METHODS: In this single-center, open-label, dose-escalating phase I trial, patients with epidermal growth factor receptor (EGFR)-expressing stage IV NSCLC were treated with nimotuzumab plus docetaxel according to a dose escalation schedule. The safety and efficacy of the combination treatment were observed and analyzed.
RESULTS: There were 12 patients with EGFR-expressing stage IV NSCLC enrolled. The dose of nimotuzumab was escalated from 200 to 600 mg/week. The longest administration of study drug was 40 weeks at the 600 mg/week dose level.
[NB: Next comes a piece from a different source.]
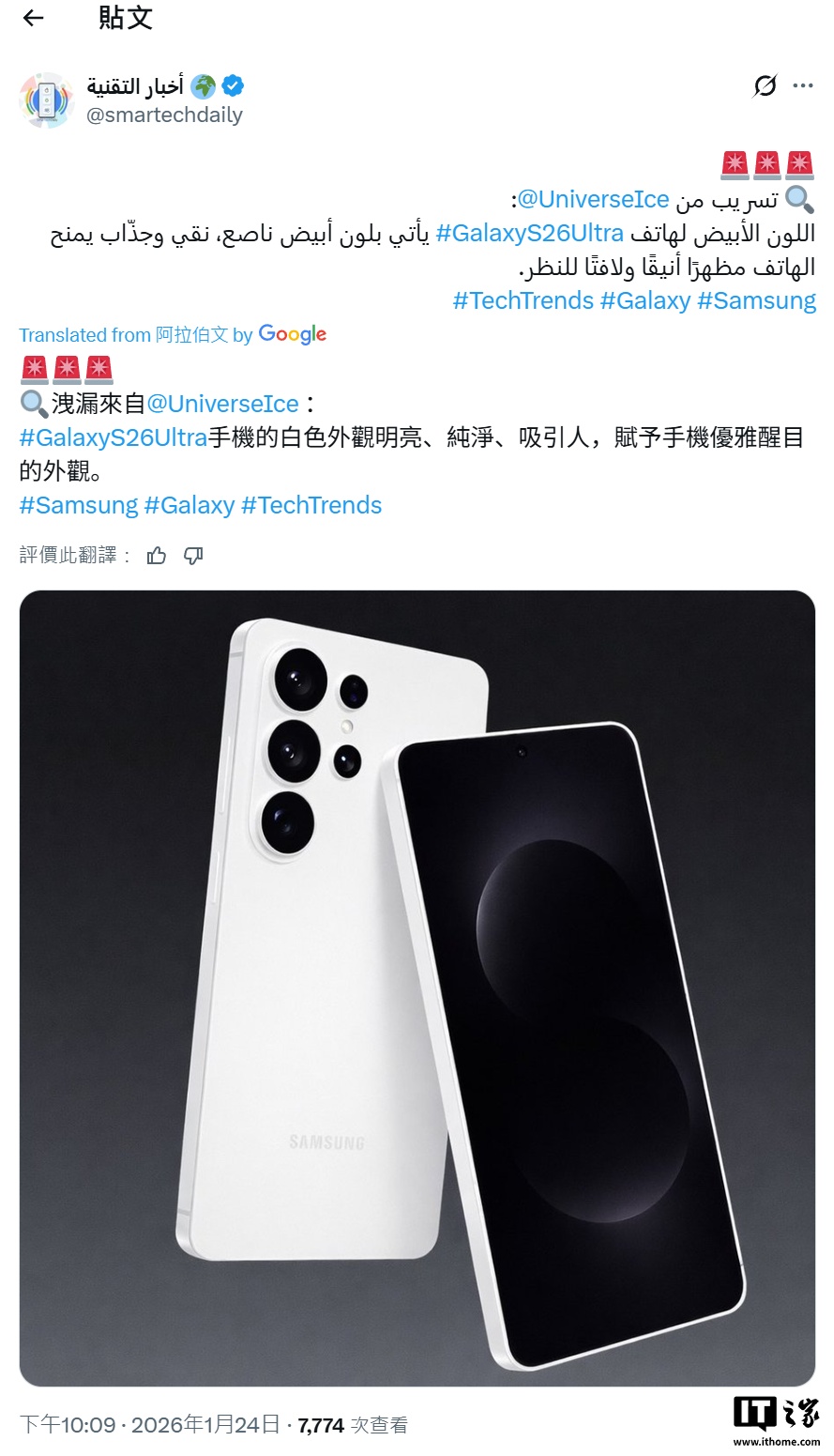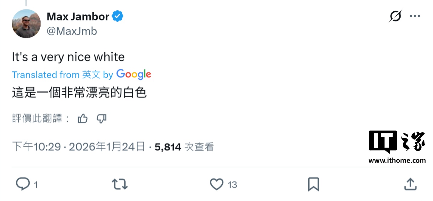 IT之家 1 月 26 日消息,消息人士@UniverseIce 前天在 X 平台透露,三星 Galaxy S26 Ultra 手机将拥有纯白色版本,“非常迷人”。随后另一位爆料人 Max Jambor 也认同了他的说法,并认为该机的白色配色“非常漂亮”。

Grade III-IV toxicities included neutropenia and fatigue, and other toxicities included rash. Dose-limiting toxicity occurred with Grade 3 fatigue at the 200 mg dose level of nimotuzumab and Grade 4 neutropenia with pneumonia at the 600 mg dose level of nimotuzumab. No objective responses were observed, and stable disease was observed in eight patients (66.7%). The median progression-free survival (PFS) was 4.4 months in all patients, 1.3 months in patients with the EGFR mutation, and 4.4 months in those with wild type EGFR (EGFR WT). The median survival time (MST) was 21.1 months in all patients, 21.1 months in patients with EGFR mutation, and 26.4 months in patients with EGFR WT.
CONCLUSIONS: Nimotuzumab and docetaxel combination therapy was found to be well tolerated and efficacious. Further study of nimotuzumab is warranted in advanced NSCLC patients.

Entities:  

Keywords:  Nimotuzumab; docetaxel; non-small-cell lung cancer (NSCLC)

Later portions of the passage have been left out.